### Task description:
Return the whole listing, line for line, without the pictures in it.

### Dataset extract:
--
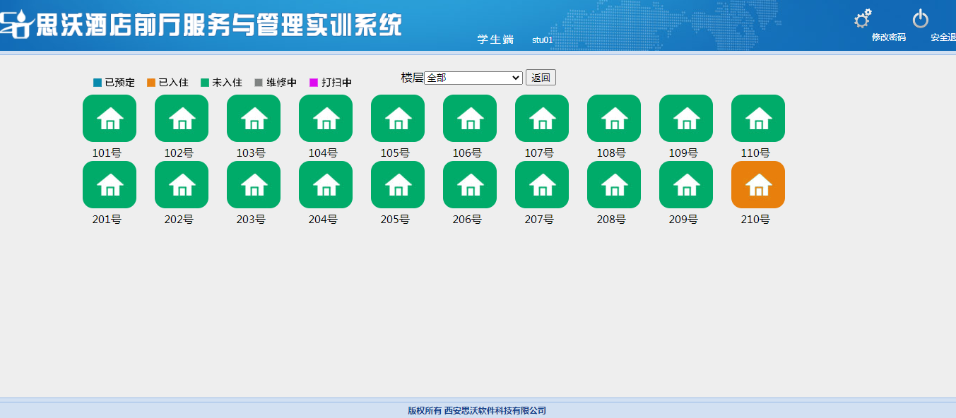思沃酒(jiu)店前(qian)廳服務(wu)與管(guan)理(li)模(mo)擬實(shi)訓(xun)平(ping)臺系統以學生(sheng)酒(jiu)店前(qian)廳工作崗位任務(wu)為基礎,以案(an)例動畫(hua)結合(he)的(de)(de)(de)(de)模(mo)式(shi)開展(zhan)情景模(mo)擬實(shi)訓(xun),學生(sheng)可在該(gai)教(jiao)學軟件設置的(de)(de)(de)(de)虛擬酒(jiu)店環(huan)境(jing)中,完成預(yu)定、入住辦理(li)、續住、退房、換(huan)房、會(hui)員管(guan)理(li)、故障報修、投(tou)訴(su)處理(li)、黑名單(dan)等相關案(an)例任務(wu)的(de)(de)(de)(de)操作。該(gai)教(jiao)學平(ping)臺軟件可以逼(bi)真(zhen)的(de)(de)(de)(de)體驗實(shi)際酒(jiu)店前(qian)廳工作的(de)(de)(de)(de)過(guo)程。本公司為了(le)更(geng)好滿足高校的(de)(de)(de)(de)教(jiao)學需求(qiu)(qiu),也會(hui)根據高校的(de)(de)(de)(de)需求(qiu)(qiu)提(ti)供酒(jiu)店管(guan)理(li)實(shi)訓(xun)室(shi)解(jie)決方案(an),
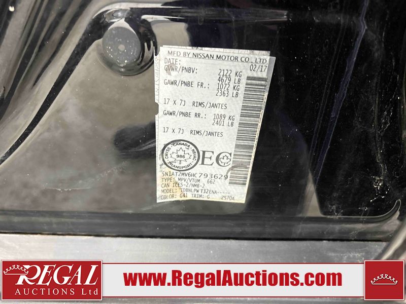 This 2017 NISSAN ROGUE S 4D UTILITY is powered by a 4-cylinder gasoline engine and an automatic transmission. It is equipped with all-wheel drive. The SUV has seats for 5 people. The mileage is average considering the SUV's age. The vehicle has high-value options, including a backup camera. The Tire Pressure and General lights are on. The body looks to be in fair condition overall. The front bumper is broken. There is moderate chrome peeling on the grille. The right front fender is broken. There are incidental chips on the front bumper, hood, and left rear door. There is rust on the roof. There are slight scratches on the left rear fender and right rear fender. There are scratches in many areas around the body. There are chips in many areas around the body. There is dent damage on the right rear door. The interior looks to be in good condition overall. The windshield is cracked. All of the tires have lots of tread remaining. This SUV is being sold by an automotive broker. The vehicle will be sold with the following declarations: Claims Total $5000 - $9999 (See Footnote 1). Footnotes: 1) The vehicle's total recorded insurance claims history is between $5,000 - $9,999. This is the amount of money that was paid out by an insurance company for repairs to cover claims against the vehicle's insurance policy. This information is provided by CarFax. Regal Auctions Ltd. makes no guarantee or warranty, either express or implied, with respect to the data provided in this report. The information has been provided from the consignor and from sources generally believed to be reliable, however the accuracy of this information cannot be guaranteed by Regal Auctions.
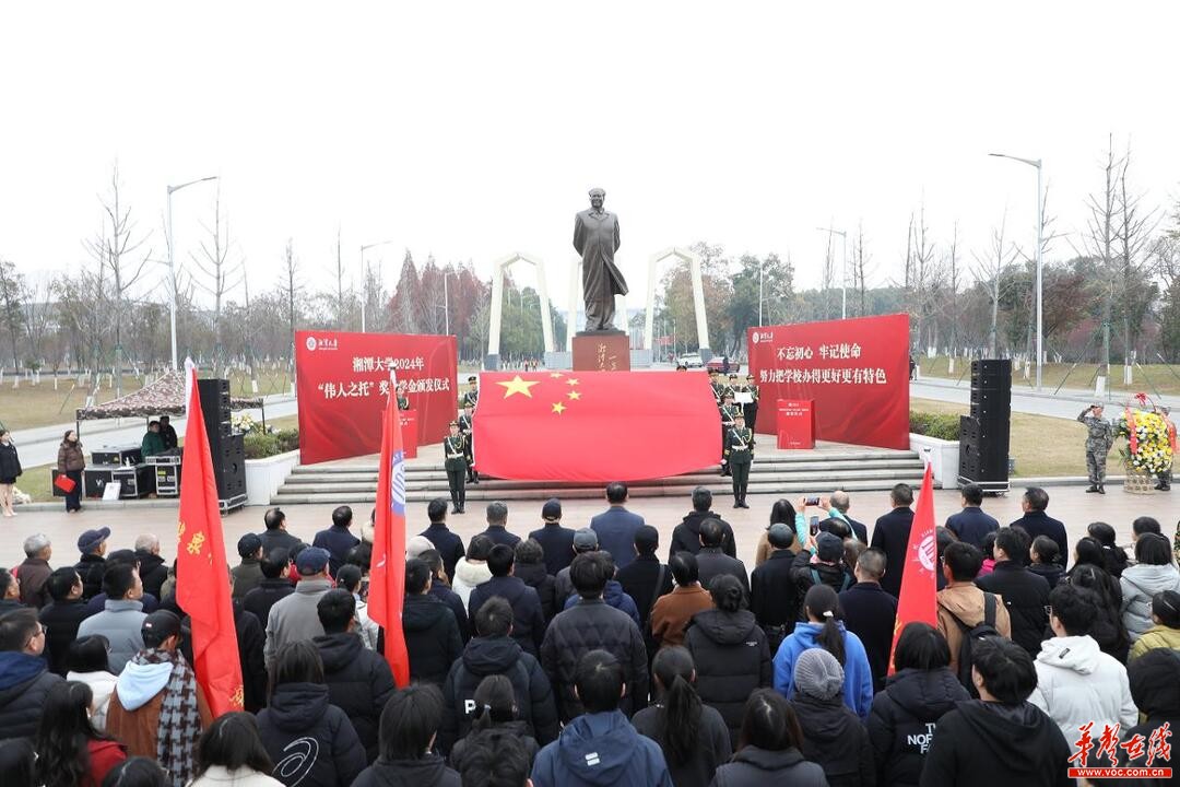 华声在线12月26日讯(通讯员 李雯雯 向润源) 12月26日上午,湘潭大学师生满怀崇敬之情,齐聚该校南校门毛主席铜像广场,举行2024年“伟人之托”奖助学金颁发仪式,纪念毛泽东同志诞辰131周年。仪式上,湘潭大学获赠的天安门广场国旗首次公开展示,这面国旗曾于2024年9月10日该校校庆日时,在天安门广场升起。
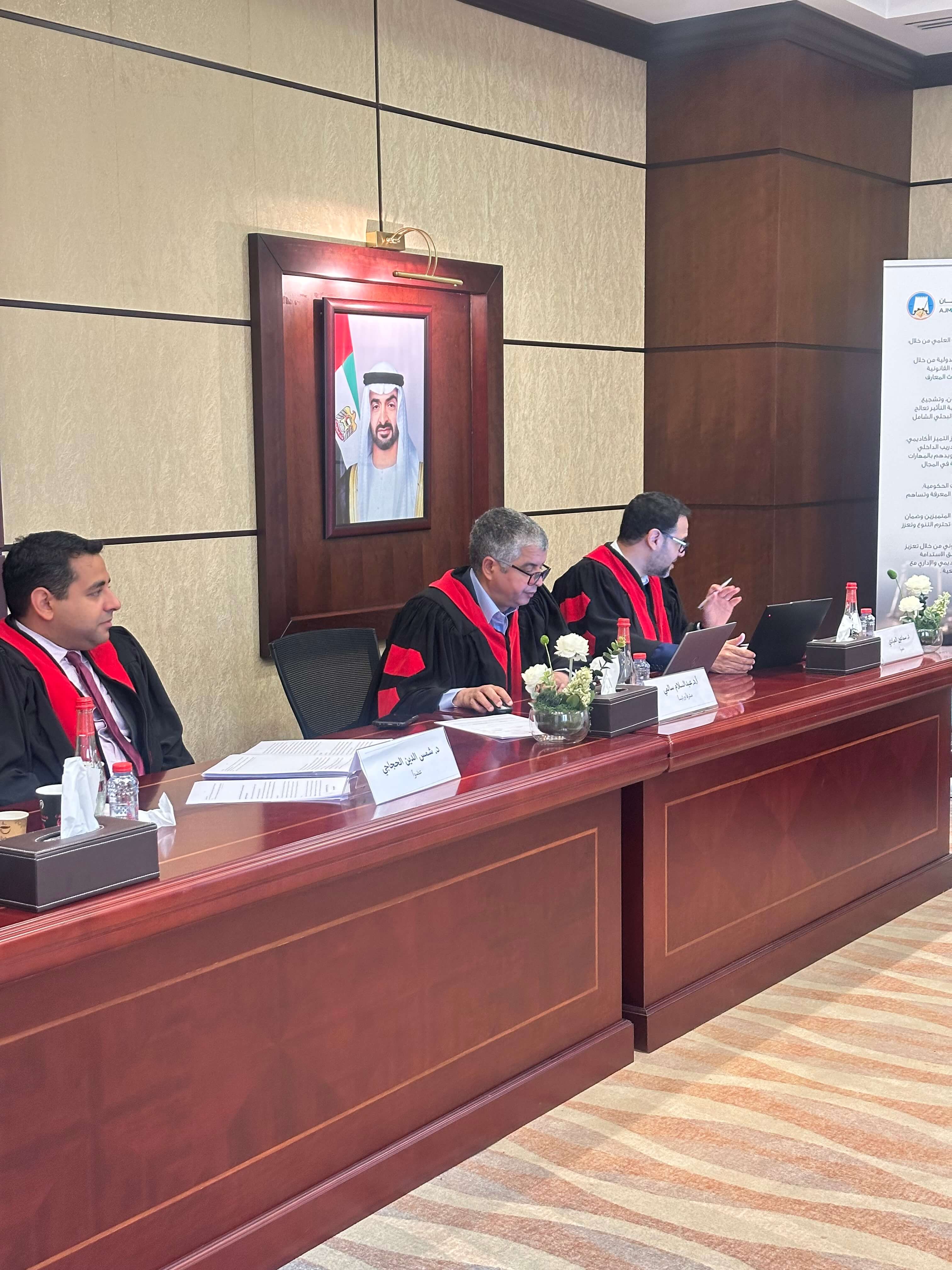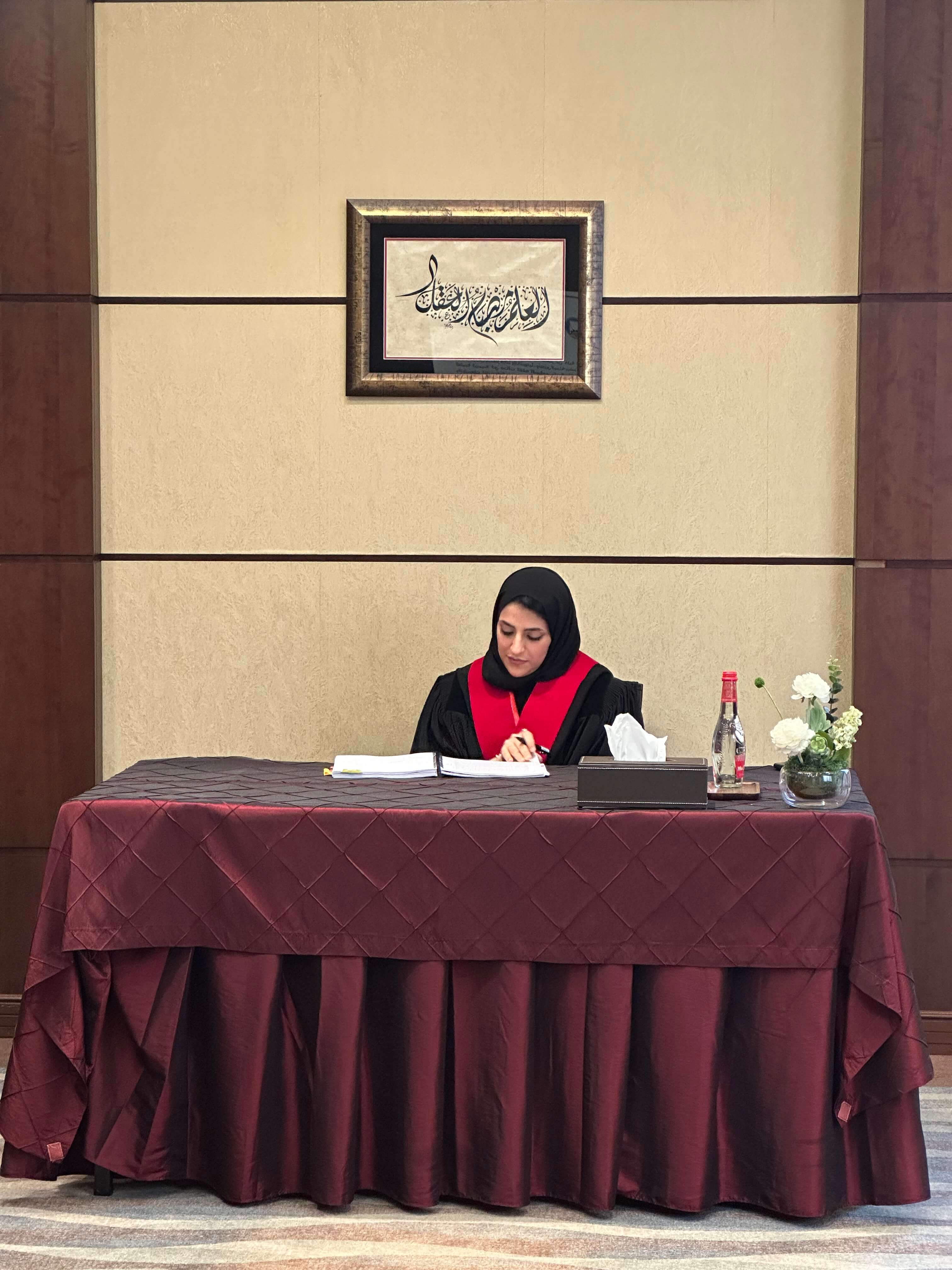 وبعد مناقشة علمية ثرية ومداولة أكاديمية معمقة، قررت اللجنة منح الطالبة هنادي عبدالله محمد آل علي درجة الماجستير في القانون العام، تقديرًا لجهودها البحثية المتميزة، وما قدمته من معالجة قانونية دقيقة لقوانين حماية البيئة من التغير المناخي في التشريعين الإماراتي والجزائري، مع إبراز الفروق والتقارب بين النظامين القانونيين وأثرها في تعزيز السياسات البيئية ومكافحة التغير المناخي.
--
### Written solution:
思沃酒(jiu)店前(qian)廳服務(wu)與管(guan)理(li)模(mo)擬實(shi)訓(xun)平(ping)臺系統以學生(sheng)酒(jiu)店前(qian)廳工作崗位任務(wu)為基礎,以案(an)例動畫(hua)結合(he)的(de)(de)(de)(de)模(mo)式(shi)開展(zhan)情景模(mo)擬實(shi)訓(xun),學生(sheng)可在該(gai)教(jiao)學軟件設置的(de)(de)(de)(de)虛擬酒(jiu)店環(huan)境(jing)中,完成預(yu)定、入住辦理(li)、續住、退房、換(huan)房、會(hui)員管(guan)理(li)、故障報修、投(tou)訴(su)處理(li)、黑名單(dan)等相關案(an)例任務(wu)的(de)(de)(de)(de)操作。該(gai)教(jiao)學平(ping)臺軟件可以逼(bi)真(zhen)的(de)(de)(de)(de)體驗實(shi)際酒(jiu)店前(qian)廳工作的(de)(de)(de)(de)過(guo)程。本公司為了(le)更(geng)好滿足高校的(de)(de)(de)(de)教(jiao)學需求(qiu)(qiu),也會(hui)根據高校的(de)(de)(de)(de)需求(qiu)(qiu)提(ti)供酒(jiu)店管(guan)理(li)實(shi)訓(xun)室(shi)解(jie)決方案(an),
 This 2017 NISSAN ROGUE S 4D UTILITY is powered by a 4-cylinder gasoline engine and an automatic transmission. It is equipped with all-wheel drive. The SUV has seats for 5 people. The mileage is average considering the SUV's age. The vehicle has high-value options, including a backup camera. The Tire Pressure and General lights are on. The body looks to be in fair condition overall. The front bumper is broken. There is moderate chrome peeling on the grille. The right front fender is broken. There are incidental chips on the front bumper, hood, and left rear door. There is rust on the roof. There are slight scratches on the left rear fender and right rear fender. There are scratches in many areas around the body. There are chips in many areas around the body. There is dent damage on the right rear door. The interior looks to be in good condition overall. The windshield is cracked. All of the tires have lots of tread remaining. This SUV is being sold by an automotive broker. The vehicle will be sold with the following declarations: Claims Total $5000 - $9999 (See Footnote 1). Footnotes: 1) The vehicle's total recorded insurance claims history is between $5,000 - $9,999. This is the amount of money that was paid out by an insurance company for repairs to cover claims against the vehicle's insurance policy. This information is provided by CarFax. Regal Auctions Ltd. makes no guarantee or warranty, either express or implied, with respect to the data provided in this report. The information has been provided from the consignor and from sources generally believed to be reliable, however the accuracy of this information cannot be guaranteed by Regal Auctions.
 华声在线12月26日讯(通讯员 李雯雯 向润源) 12月26日上午,湘潭大学师生满怀崇敬之情,齐聚该校南校门毛主席铜像广场,举行2024年“伟人之托”奖助学金颁发仪式,纪念毛泽东同志诞辰131周年。仪式上,湘潭大学获赠的天安门广场国旗首次公开展示,这面国旗曾于2024年9月10日该校校庆日时,在天安门广场升起。
 وبعد مناقشة علمية ثرية ومداولة أكاديمية معمقة، قررت اللجنة منح الطالبة هنادي عبدالله محمد آل علي درجة الماجستير في القانون العام، تقديرًا لجهودها البحثية المتميزة، وما قدمته من معالجة قانونية دقيقة لقوانين حماية البيئة من التغير المناخي في التشريعين الإماراتي والجزائري، مع إبراز الفروق والتقارب بين النظامين القانونيين وأثرها في تعزيز السياسات البيئية ومكافحة التغير المناخي.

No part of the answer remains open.